The final prototype had 32 fuel-cell modules lining the entire bottom of the van, with two large tanks of oxygen and hydrogen in back. It was able to travel an impressive 70 miles an hour, with a range of 150 miles. But with a weight of over 7,000 lbs., acceleration was poor. The high costs of platinum needed to create the system, as well as safety concerns about hydrogen catching fire, shelved the project soon after, and the Electrovan went into storage in a warehouse for more than 30 years.

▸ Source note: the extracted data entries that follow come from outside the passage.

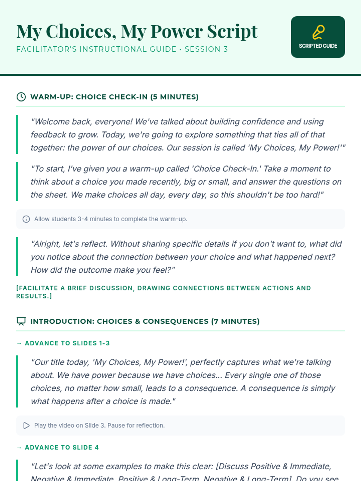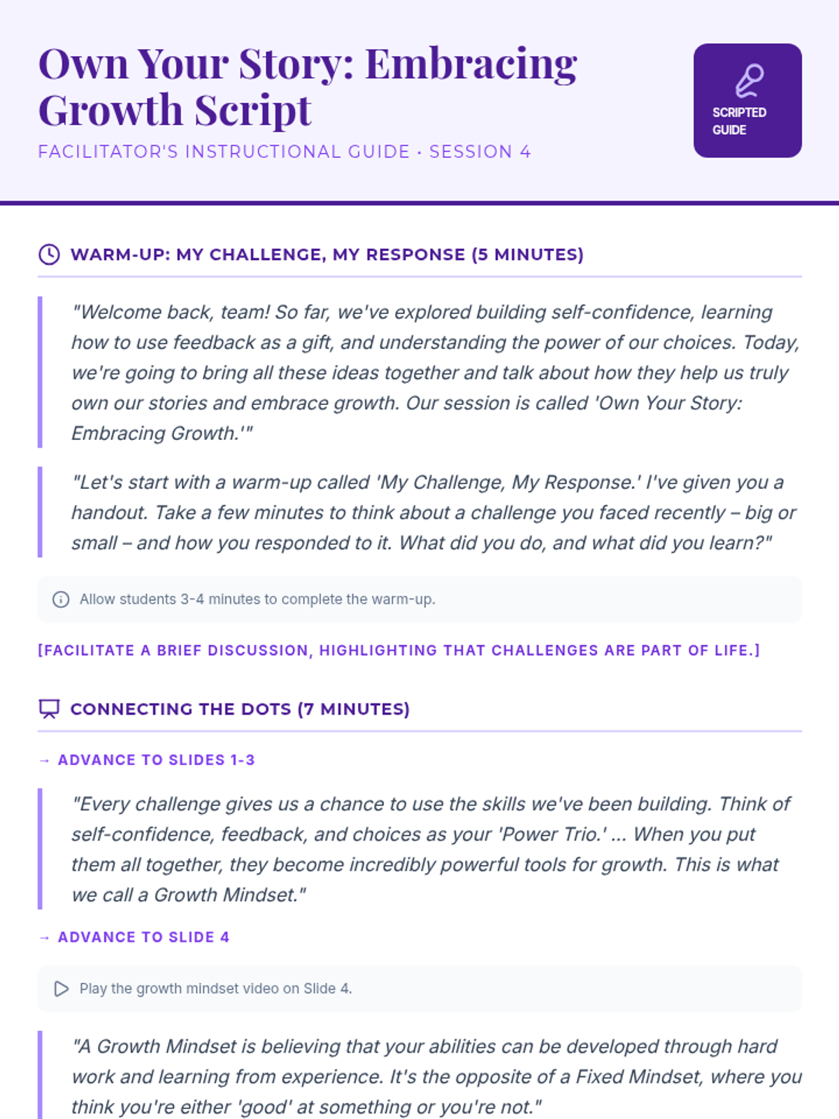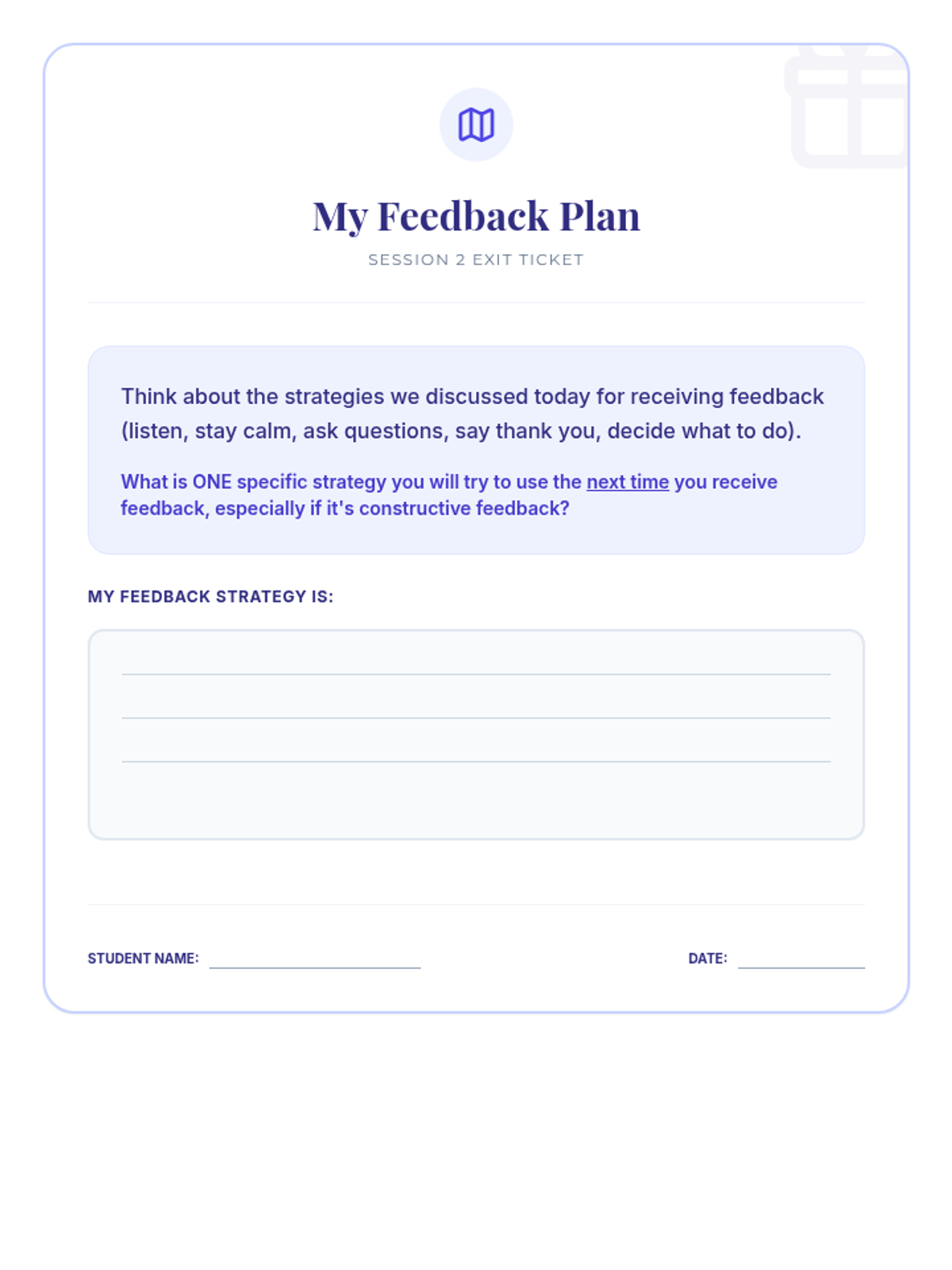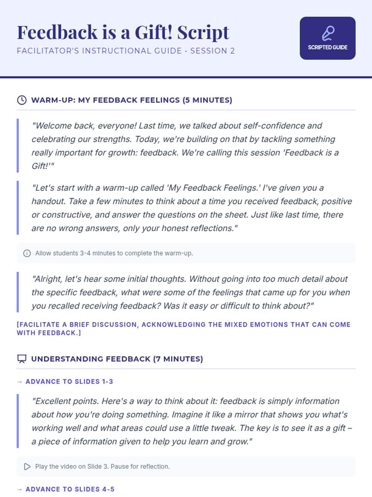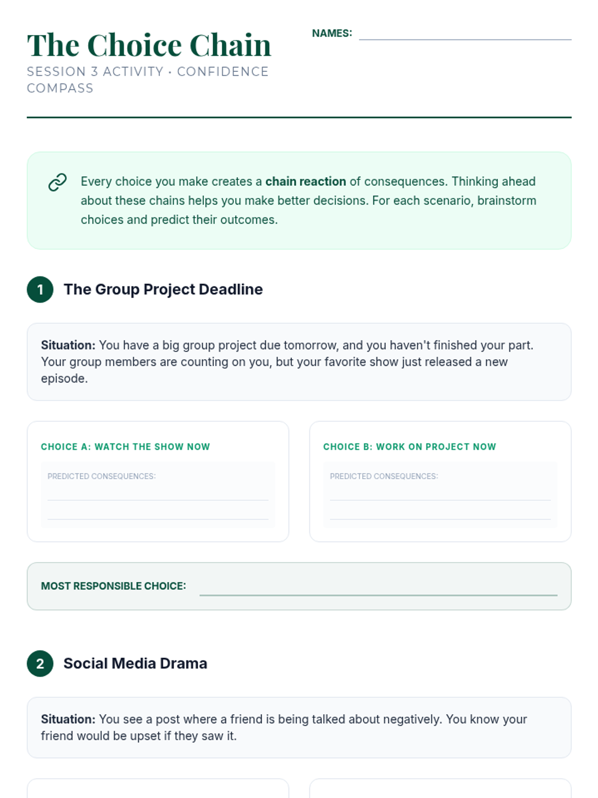A 5-session Tier 2 intervention program for 7th-grade students designed to build self-confidence, improve feedback reception, and empower students through intentional choice-making. Students navigate their personal growth using the 'Confidence Compass' framework.
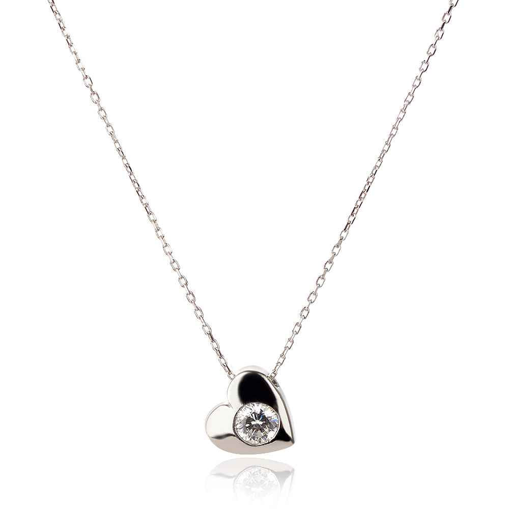 Сребърно колие сърчице с инкрустиран цирконий.
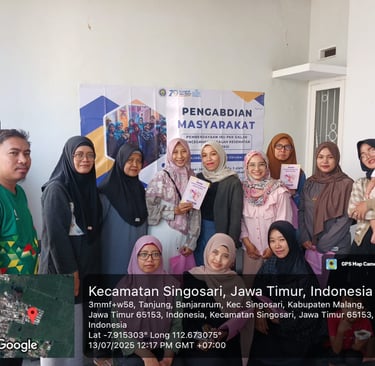Malang, Agustus 2025 – Tim dosen dan mahasiswa Program Studi Keperawatan Fakultas Kedokteran Universitas Negeri Malang (FK UM) kembali berperan aktif dalam peningkatan literasi kesehatan masyarakat melalui kegiatan pengabdian masyarakat yang berfokus pada pemberdayaan ibu PKK dalam pencegahan masalah kesehatan reproduksi. Kegiatan yang diketuai oleh Qory Tifani Rahmatika, S.Kep., Ns., M.Kep., bersama Achmad Masfi, S.Kep., Ns., M.Kep., dan Laras Putri Gamagitta, S.ST., M.Keb., ini dilaksanakan di Banjararum, Kecamatan Singosari, Kabupaten Malang. Sebanyak 26 anggota PKK berpartisipasi aktif dalam kegiatan yang memadukan edukasi interaktif, skrining kesehatan, dan pelatihan modifikasi gaya hidup.
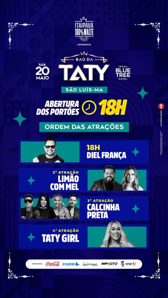 O “Baú da Taty Festival” é a grande pedida deste sábado (20), em São Luís. Sob o comando da cantora Taty Girl, o evento chega à ilha para celebrar o melhor do forró com os convidados Limão com Mel e Calcinha Preta, nos jardins do Blue Tree Hotel (Calhau).

Starting in 2000, however, GM revived its fuel-cell program, and rediscovered the Electrovan, which it now proudly displays in a museum in Sterling Heights, Mich. Since then, the company has produced 11 fuel-cell prototypes, including the Chevy Colorado ZH2 pickup truck,which the US Army will subject to extensive testing this year. The Electrovan has served as an early model for fuel-cell vehicles now under limited production by Hyundai and Toyota.

Last year, GM announced a project with Honda to create a new fuel-cell manufacturing plant in Brownstown, Mich., that could produce vehicles for commercial ownership as soon as 2020. Wyczalek hopes to participate in the dedication ceremony for the plant, a fitting testament to the innovative project he helped launch and bring to fruition five decades ago. “I continue to reflect and marvel with wonder and humility at opportunities that continue to materialize unexpectedly,” he says. “What really matters is intense homework, subconscious intuition, literature research, and pure luck.”